* **THE TASK**
Copy out the data below from the line containing "The K8 Dual" to the line containing "嘴唇是较为标准的菱形,包括上", both lines included, with all images left out.

Top of GIVEN RECORDS

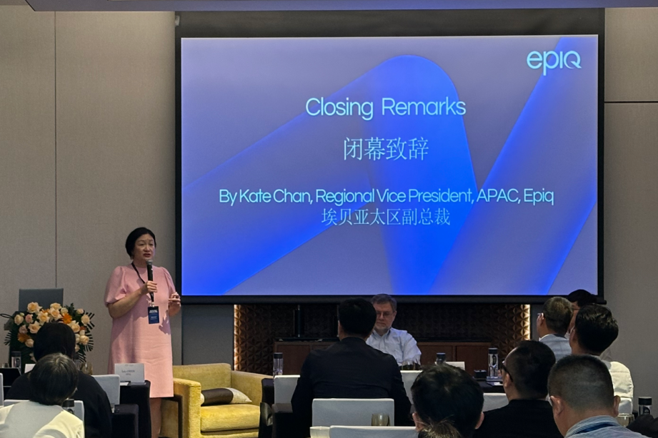 本次分享會最后,埃貝科技(EPIQ)法律解決方案亞太區(qū)副總裁Kate Chan女士致閉幕詞,再次向參會嘉賓介紹了埃貝科技(EPIQ)亞洲業(yè)務(wù)的最新發(fā)展,以及對人工智能在證據(jù)開示領(lǐng)域持續(xù)應(yīng)用的信心和期待。
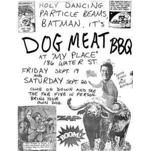 Dog Meat BBQ made their first public appearance in June 1986 at the Peace-a-Chord, an annual alternative music festival held in Bannerman Park, St. John's. As Justin was unavailable for this gig, drumming duties were performed by Danny Thomas, who would later go on to play in The Thomas Trio and the Red Albino.
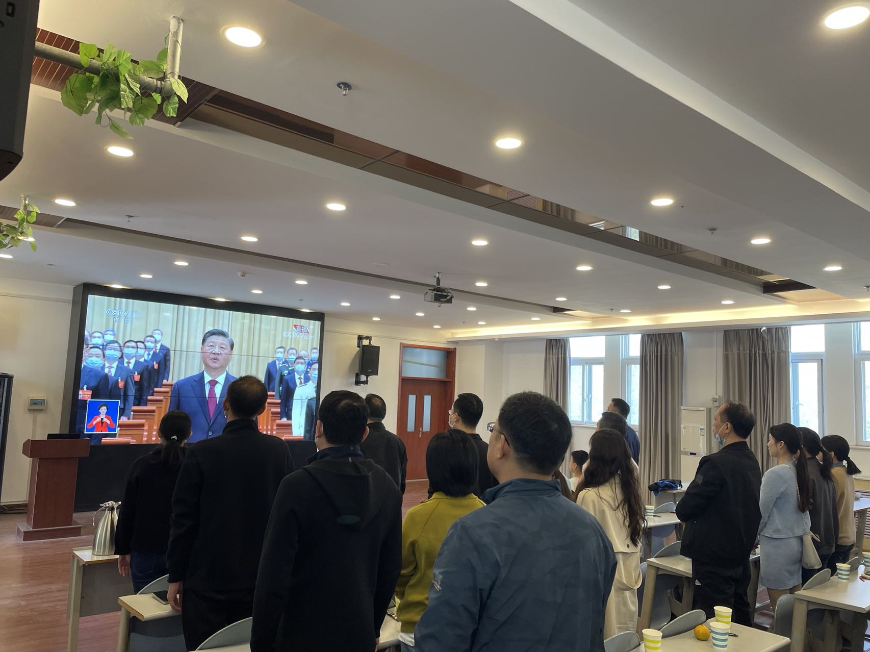 10月16日上午,教务处全体教职工在科技楼临床技能培训中心会场集中收看党的二十大开幕会。大家同看一个画面,共听一个声音,共同见证中国共产党的又一伟大历史时刻。全体成员聚精会神认真聆听大会报告,深刻感受大会的庄重热烈氛围,深刻体悟大会凝聚起的磅礴力量。
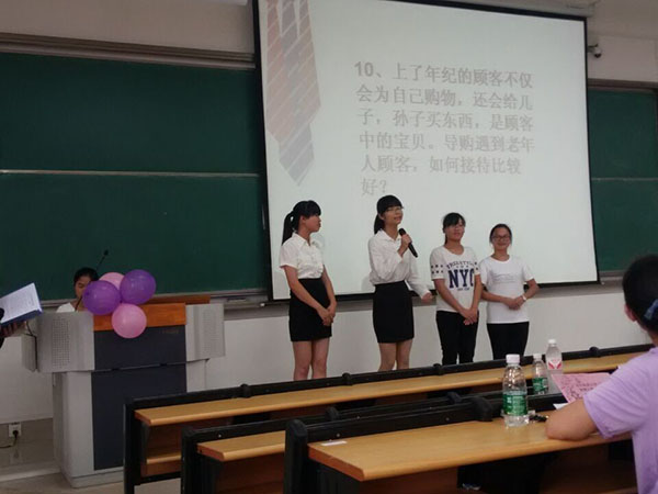 艺术团热情奔放的开场舞拉开了大赛的序幕,紧接着勤工俭学协会播放了协会风采视频。大赛分为风采展示和现场答题两个环节。进入决赛的12支队伍依次上台进行队伍介绍并结合PPT展示自己的风采,然后以抽题的形式进行现场提问。每支队伍的表现都非常出色,展现出了参赛队伍优秀的营销潜能和团队理念,赢得现场评委和观众的阵阵掌声。在所有队伍展示完毕和现场投票后,人力资源部经理陈秋梅对本次大赛进行点评,她首先感谢大家对本次大赛的支持,并且给予了本次大赛很高的评价,同时通过举例子的方式给大家充分展示了优秀的营销理念和机智的营销方法。最终,“win-win”队不负众望夺得本次营销大赛的冠军。
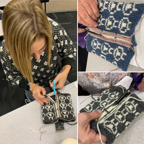 You have to make your own excitement, and we did that in the morning by reinforcing and cutting steeks, eek! (And I see that my students are suggestible, using the same colors I did in the Sheepy Steeky Coasters pattern!)
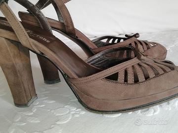 Sono in vera pelle nabuk. Hanno plateau che "riduce" il tacco comunque comodo.
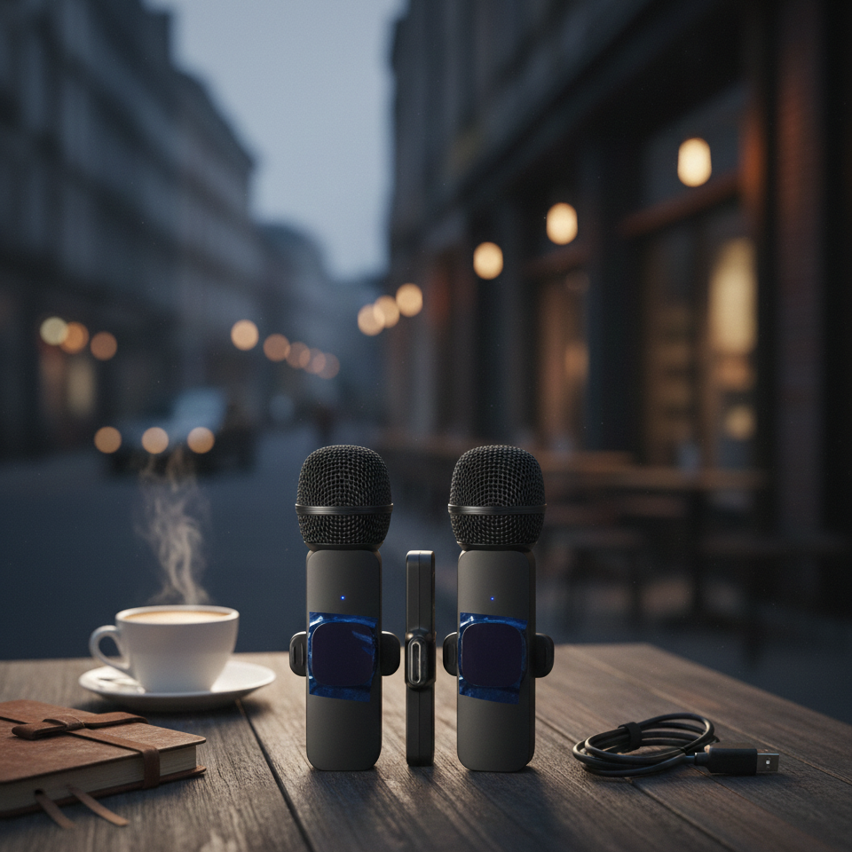 The K8 Dual Wireless Microphone is a professional-grade audio solution tailored for mobile content creators, journalists, and educators. Featuring a sleek, lightweight design, this system eliminates the clutter of cables, allowing you to record two subjects simultaneously with ease.Equipped with 360° omnidirectional pickup and a high-sensitivity condenser, the K8 ensures every nuance of the voice is captured. The built-in DSP (Digital Signal Processing) chip intelligently filters out background wind and ambient noise, delivering studio-like clarity even in outdoor environments. Its impressive battery life provides up to 6 hours of continuous use, ensuring you never miss a moment of the action.Key Features & Performance ResponsibilitiesDual-Channel Recording: Allows two people to record at once, making it ideal for interviews, podcasts, and collaborative videos.Automatic Pairing: No Bluetooth or apps required. Simply plug the receiver into your device and turn on the microphones to sync instantly.Intelligent Noise Cancellation: High-end acoustic technology effectively suppresses environmental noise for clear vocal reproduction.Long-Distance Transmission: Offers a stable, low-latency connection at a range of up to 20 meters (65 feet) in open areas.Universal Compatibility: Available in USB-C or Lightning configurations to support modern smartphones, tablets, and laptops.Real-Time Monitoring: Low-latency technology ensures your audio stays perfectly synced with your video during live broadcasts.
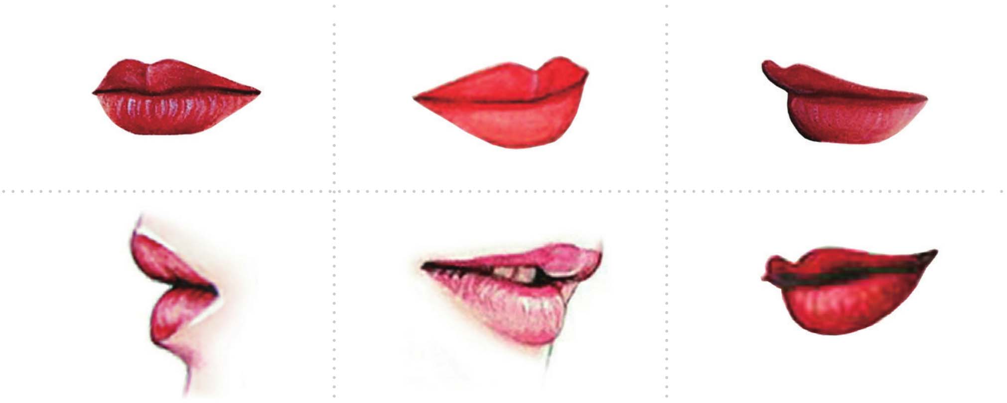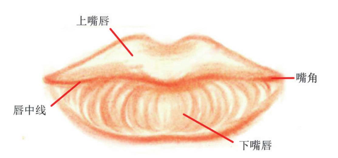 嘴唇是较为标准的菱形,包括上嘴唇、唇中线、嘴角、下嘴唇等结构。为了塑造嘴唇柔软的质感,绘制时用笔可以放松一些,着重强调嘴唇的立体感。
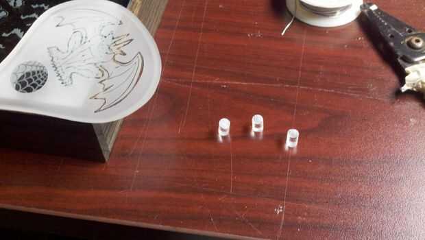 Tomar la clara acción y corte (3) 1/4" piezas y los bordes de arena plana asegurándose de son todos la misma altura y pegarlos de forma triangular a la lágrima de acrílico. Pegue el fieltros puntos a los fondos de los pies stock ronda.
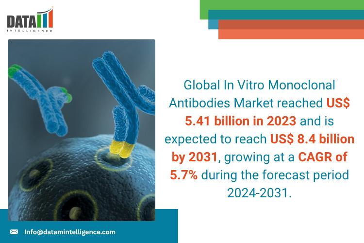 Global In Vitro Monoclonal Antibodies Market reached US$ 5.41 billion in 2023 and is expected to reach US$ 8.4 billion by 2031, growing at a CAGR of 5.7% during the forecast period 2024-2031.
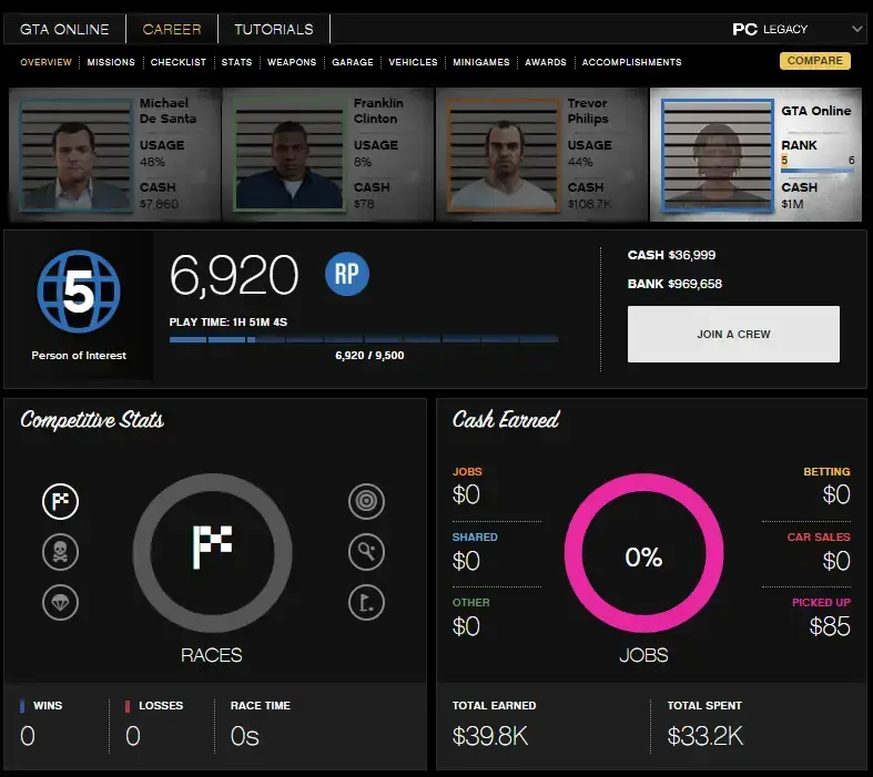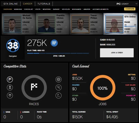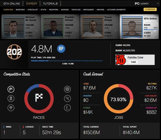 SOCIAL CLUB / ROCKSTAR / PC / LEGACY | $1M PURE CASH | RP level 5 | MALE
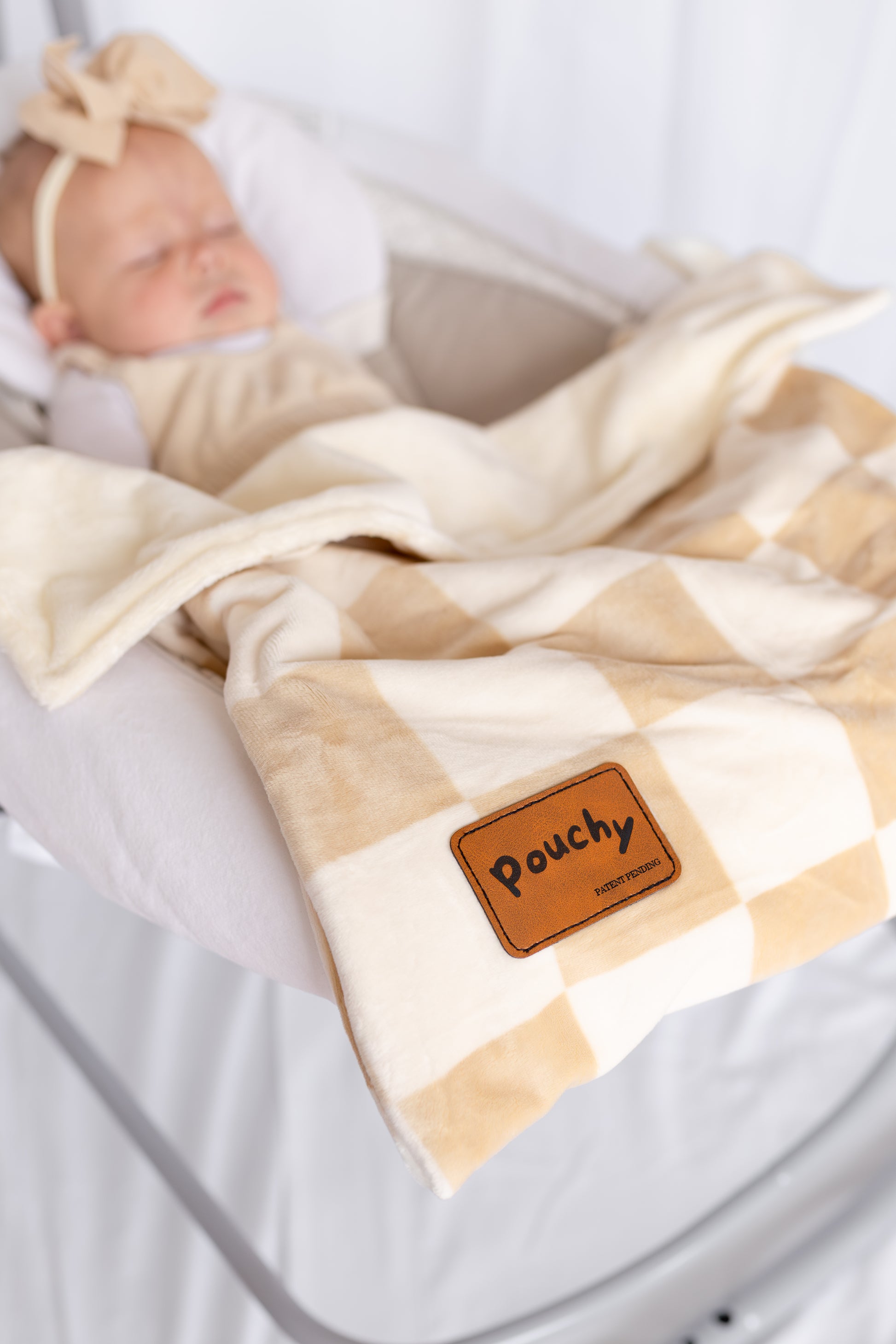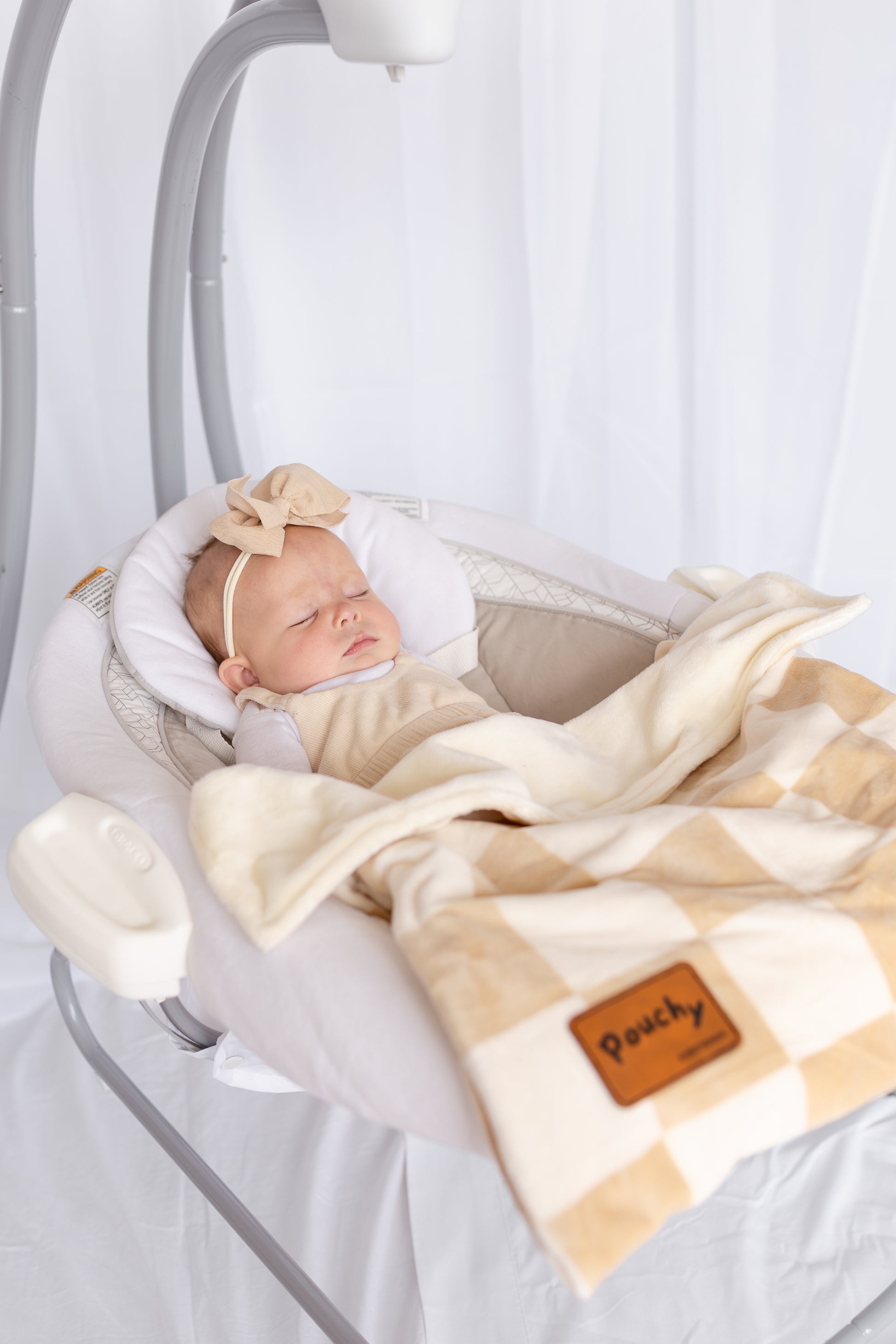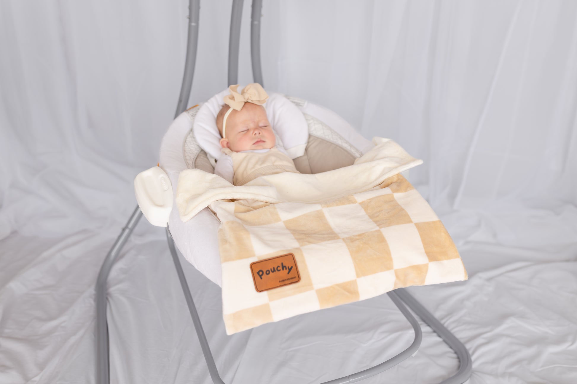 Classic comfort for every baby. The Beige Checkered Pouchy features soft latte and cream checkers. Double-sided minky for plush warmth. Perfect for swing snoozes, stroller strolls, and car seat naps—day or night. Machine washable. Truly gender-neutral.
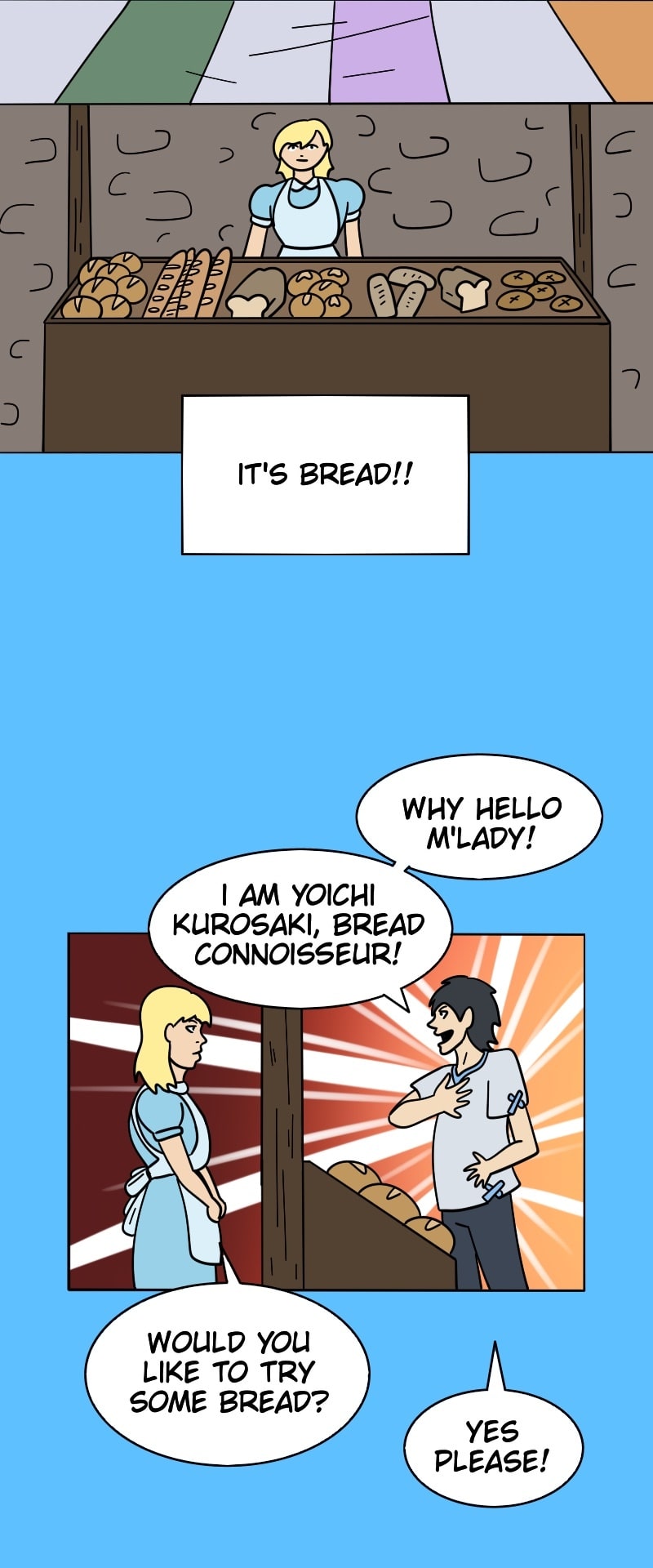 Yoichi Kurosaki is a lonely shut-in gamer who dreams of being transported to a fantasy world with magic and cute girls. One night a truck crashes through his house and kills him! Finally! He ends up in the presence of the Gods of Isekai who send him to a fantasy world with colorful creatures, magical powers, idiots, really good bread, and of course, an evil demon lord!

Bottom of GIVEN RECORDS

* **ANSWER SPACE**
 The K8 Dual Wireless Microphone is a professional-grade audio solution tailored for mobile content creators, journalists, and educators. Featuring a sleek, lightweight design, this system eliminates the clutter of cables, allowing you to record two subjects simultaneously with ease.Equipped with 360° omnidirectional pickup and a high-sensitivity condenser, the K8 ensures every nuance of the voice is captured. The built-in DSP (Digital Signal Processing) chip intelligently filters out background wind and ambient noise, delivering studio-like clarity even in outdoor environments. Its impressive battery life provides up to 6 hours of continuous use, ensuring you never miss a moment of the action.Key Features & Performance ResponsibilitiesDual-Channel Recording: Allows two people to record at once, making it ideal for interviews, podcasts, and collaborative videos.Automatic Pairing: No Bluetooth or apps required. Simply plug the receiver into your device and turn on the microphones to sync instantly.Intelligent Noise Cancellation: High-end acoustic technology effectively suppresses environmental noise for clear vocal reproduction.Long-Distance Transmission: Offers a stable, low-latency connection at a range of up to 20 meters (65 feet) in open areas.Universal Compatibility: Available in USB-C or Lightning configurations to support modern smartphones, tablets, and laptops.Real-Time Monitoring: Low-latency technology ensures your audio stays perfectly synced with your video during live broadcasts.
 嘴唇是较为标准的菱形,包括上嘴唇、唇中线、嘴角、下嘴唇等结构。为了塑造嘴唇柔软的质感,绘制时用笔可以放松一些,着重强调嘴唇的立体感。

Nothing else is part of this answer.